Home Traffic Congestion QwikLane Solution Business Case About
Transit
 
   

The substantial and valuable role of public transit in many urban areas is undeniable. For instance, fully 70% of the work trips to the Central Business District (CBD) in New York City are by public transit. Public transit carries 50% of such work trips to the CBD in Boston, Chicago, Philadelphia and San Francisco. Clearly, transit performs a vital service for these kinds of trips. The problem with transit is that the jobs in these CBDs account for barely 10% of all jobs in their respective metropolitan areas. The other 90% are scattered about the region and poorly served by transit. Thus, when we look at the overall public transit usage we find a different story: Bureau of Transportation Statistics (BTS) data for the 2005 U.S. commute report that 88.4% travel to work by private automobile, 4.4% take public transit and the rest walk, bike or work from home. The limitations of public transit become even clearer when you consider the overall share of all Passenger Miles of Travel (PMT). Again using the latest date from the BTS, from 2004, public transit accounts for barely 1.2% of all PMT (roughly evenly split between bus and rail), while private vehicles account for 98.8%.


   

This overall share of public transit has been in steady decline for over 70 years; indeed, this decline began decades before the advent of the Interstate highway system. As can clearly be seen in this graph, per capita miles of travel in private vehicles (the green line) has grown over four-fold since World War II. By contrast, per capita public transit trips (the red line) have declined during that same time period by a remarkable 60%. In fact, this decline has continued in recent decades despite a significant increase in public investment. Since 1982, annual transit expenditures in the US have doubled in constant dollars, yet ridership has risen less than 25%. Moreover, public transit requires massive annual subsidies to operate: no public transit system in the US (and only a small handful around the world - the Hong Kong MTR is an example) operates profitably. BTS data from 2004 show heavy rail (typically urban subway systems) with a fare box recovery of 61%, with 28% for buses and 26% for light rail; the overall fare box recovery rate was 34%. In other words, for every $1 paid at the fare box, taxpayers kick in an additional $2 in subsidies. Further, these operating expenses do not include the cost of construction and vehicles. Bus transit is relatively cost effective since the highway infrastructure is paid for primarily from fuel taxes. Capital costs for heavy and light rail are substantial: a contemplated 16 mile expansion of the San Francisco Bay Area's subway, BART, is estimated at over $4 billion ($250 million per mile), the relatively new light rail system in Santa Clara County (Silicon Valley) costs well over $1 billion for the 42 mile system; in addition, the 100 cars cost $3 million each. While BART's fare box recovery is nearly 60%, that of Santa Clara County's light rail is a meager 12%.


   

In sum, public transit systems in their various modes provide valuable services as niche applications: rail and bus rapid transit (BRT) into the CBD and buses as collectors to feed the rail backbones. However, when these niches only provide 1.2% of Passenger Miles of Travel - despite the massive increase in taxpayer-financed investment over the last 25 years - it would be misguided to look to transit solutions and expect to have any measurable impact on the core transportation issues of congestion, pollution, carbon emissions and imported oil. Even if you tripled or quadrupled the share of PMT, it would still be less than 5%! These facts speak for themselves.

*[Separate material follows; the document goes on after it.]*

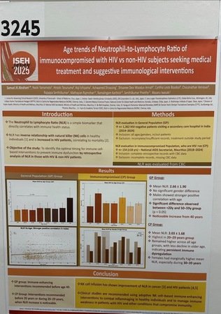 一方、モーリシャスでは、モーリシャス国立エイズ事務局と連携し、HIV陽性者における免疫バイオマーカーの比較評価を実施しました。その結果、HIV陽性者では、NLRが20~29歳でピークに達し、その後も持続的に高い値を維持することが明らかになりました。当該集団における免疫調節異常の早期発症を示すものであり、HIVケアにおける免疫介入のタイミングを考える必要があると研究者らは指摘しています。

One of the biggest challenges to transit users and operators is bridging the distances between modes. An automated highway system like QwikLane can greatly improve and extend the functionality of the transit infrastructure at little marginal cost by adding sections that terminate at major transit hubs. Automated vehicles can then move between these hubs - say, from the subway or train station to the airport - and travelers can access these vehicles like a driver-less taxi for a relatively inexpensive ride to the next transit mode.